_Action item:_
When you reach the line in the data below that contains "start to finish.", please start repeating lines exactly, and stop after the line that contains "De Noa-Isa eetkamerstoel", repeating nothing else.

_Extracted entries:_
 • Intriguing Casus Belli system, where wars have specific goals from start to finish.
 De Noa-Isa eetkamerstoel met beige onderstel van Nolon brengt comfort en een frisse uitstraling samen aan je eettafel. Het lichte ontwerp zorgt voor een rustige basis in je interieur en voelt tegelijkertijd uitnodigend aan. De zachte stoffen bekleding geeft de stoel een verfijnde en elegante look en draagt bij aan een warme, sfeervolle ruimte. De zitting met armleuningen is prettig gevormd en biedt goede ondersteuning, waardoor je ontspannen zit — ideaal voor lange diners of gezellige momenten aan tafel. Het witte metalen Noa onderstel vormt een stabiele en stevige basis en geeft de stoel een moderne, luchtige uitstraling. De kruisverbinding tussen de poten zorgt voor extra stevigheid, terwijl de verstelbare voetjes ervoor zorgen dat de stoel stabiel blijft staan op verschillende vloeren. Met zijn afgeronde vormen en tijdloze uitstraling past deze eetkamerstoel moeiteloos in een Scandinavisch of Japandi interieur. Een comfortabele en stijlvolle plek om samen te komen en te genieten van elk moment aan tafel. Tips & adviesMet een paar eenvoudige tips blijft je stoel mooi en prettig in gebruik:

---

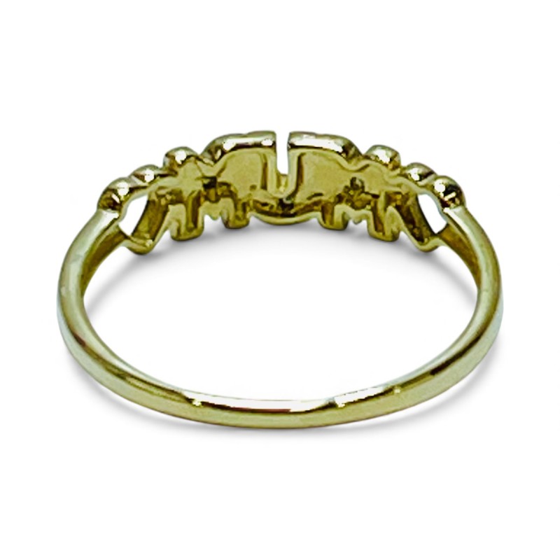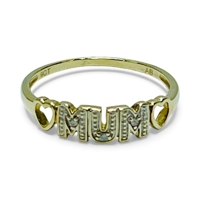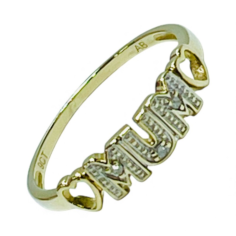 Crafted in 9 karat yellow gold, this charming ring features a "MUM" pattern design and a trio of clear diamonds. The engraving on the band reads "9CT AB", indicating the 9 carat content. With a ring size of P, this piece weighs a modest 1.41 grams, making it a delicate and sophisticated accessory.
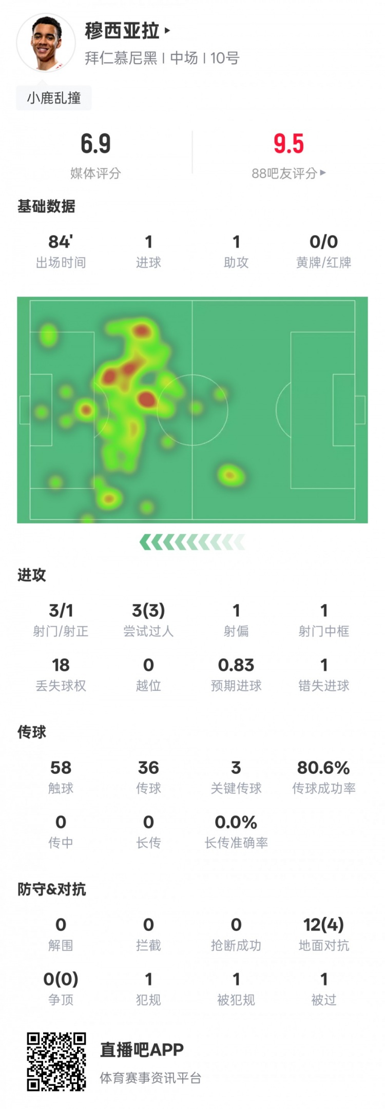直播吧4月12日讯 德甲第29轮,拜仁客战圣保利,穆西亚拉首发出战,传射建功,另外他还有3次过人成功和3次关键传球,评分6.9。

_Finished exercise:_
 • Intriguing Casus Belli system, where wars have specific goals from start to finish.
 De Noa-Isa eetkamerstoel met beige onderstel van Nolon brengt comfort en een frisse uitstraling samen aan je eettafel. Het lichte ontwerp zorgt voor een rustige basis in je interieur en voelt tegelijkertijd uitnodigend aan. De zachte stoffen bekleding geeft de stoel een verfijnde en elegante look en draagt bij aan een warme, sfeervolle ruimte. De zitting met armleuningen is prettig gevormd en biedt goede ondersteuning, waardoor je ontspannen zit — ideaal voor lange diners of gezellige momenten aan tafel. Het witte metalen Noa onderstel vormt een stabiele en stevige basis en geeft de stoel een moderne, luchtige uitstraling. De kruisverbinding tussen de poten zorgt voor extra stevigheid, terwijl de verstelbare voetjes ervoor zorgen dat de stoel stabiel blijft staan op verschillende vloeren. Met zijn afgeronde vormen en tijdloze uitstraling past deze eetkamerstoel moeiteloos in een Scandinavisch of Japandi interieur. Een comfortabele en stijlvolle plek om samen te komen en te genieten van elk moment aan tafel. Tips & adviesMet een paar eenvoudige tips blijft je stoel mooi en prettig in gebruik:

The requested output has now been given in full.